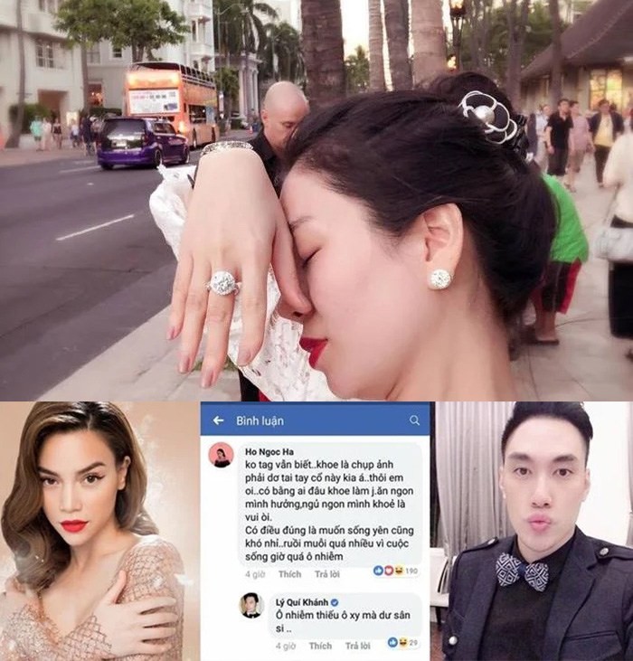 Cụ thể, giữa năm 2018, Lệ Quyên đăng ảnh "khoe" nhẫn kim cương ở trời Tây. Câu chuyện sẽ không có gì đáng bàn nếu như dân mạng không "soi" được một bình luận của Hồ Ngọc Hà trên trang cá nhân của NTK Lý Quí Khánh: "Không tag vẫn biết... Khoe là chụp ảnh phải giơ tai tay cổ này kia á... Thôi em ơi... Có bằng ai đâu khoe làm gì. Ăn ngon mình hưởng, ngủ ngon mình khỏe là vui rồi. Có điều đúng là muốn sống yên cũng khó nhỉ... Ruồi muỗi quá nhiều vì cuộc sống quá ô nhiễm".
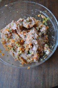 Meatloaves require lots of mixing and I find that a big bowl and latex gloves make this chore go quickly. Stirring with a spoon may lead to bigger biceps, but hands are your best tool and clad with latex gloves you can mix up the ingredients in this recipe in no time flat. When shaping the meatloaves, latex gloves come in handy as well; if using your bare hands, be sure to lightly dampen them with water to prevent the meat from sticking to them.
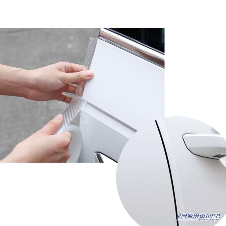擦りキズが付きやすい場所にこのフィルムを張り付ければ、キズから汚れから愛車を守ることができる。
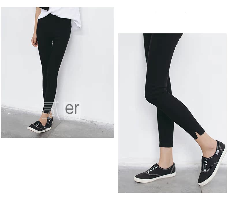 【018】2016夏季新款外穿內搭褲 黑色小腳九分開叉鉛筆褲一件代發

** EXERCISE **
Output the listing exactly, without images.

** YOUR RESPONSE **
 Cụ thể, giữa năm 2018, Lệ Quyên đăng ảnh "khoe" nhẫn kim cương ở trời Tây. Câu chuyện sẽ không có gì đáng bàn nếu như dân mạng không "soi" được một bình luận của Hồ Ngọc Hà trên trang cá nhân của NTK Lý Quí Khánh: "Không tag vẫn biết... Khoe là chụp ảnh phải giơ tai tay cổ này kia á... Thôi em ơi... Có bằng ai đâu khoe làm gì. Ăn ngon mình hưởng, ngủ ngon mình khỏe là vui rồi. Có điều đúng là muốn sống yên cũng khó nhỉ... Ruồi muỗi quá nhiều vì cuộc sống quá ô nhiễm".
 Meatloaves require lots of mixing and I find that a big bowl and latex gloves make this chore go quickly. Stirring with a spoon may lead to bigger biceps, but hands are your best tool and clad with latex gloves you can mix up the ingredients in this recipe in no time flat. When shaping the meatloaves, latex gloves come in handy as well; if using your bare hands, be sure to lightly dampen them with water to prevent the meat from sticking to them.
擦りキズが付きやすい場所にこのフィルムを張り付ければ、キズから汚れから愛車を守ることができる。
 【018】2016夏季新款外穿內搭褲 黑色小腳九分開叉鉛筆褲一件代發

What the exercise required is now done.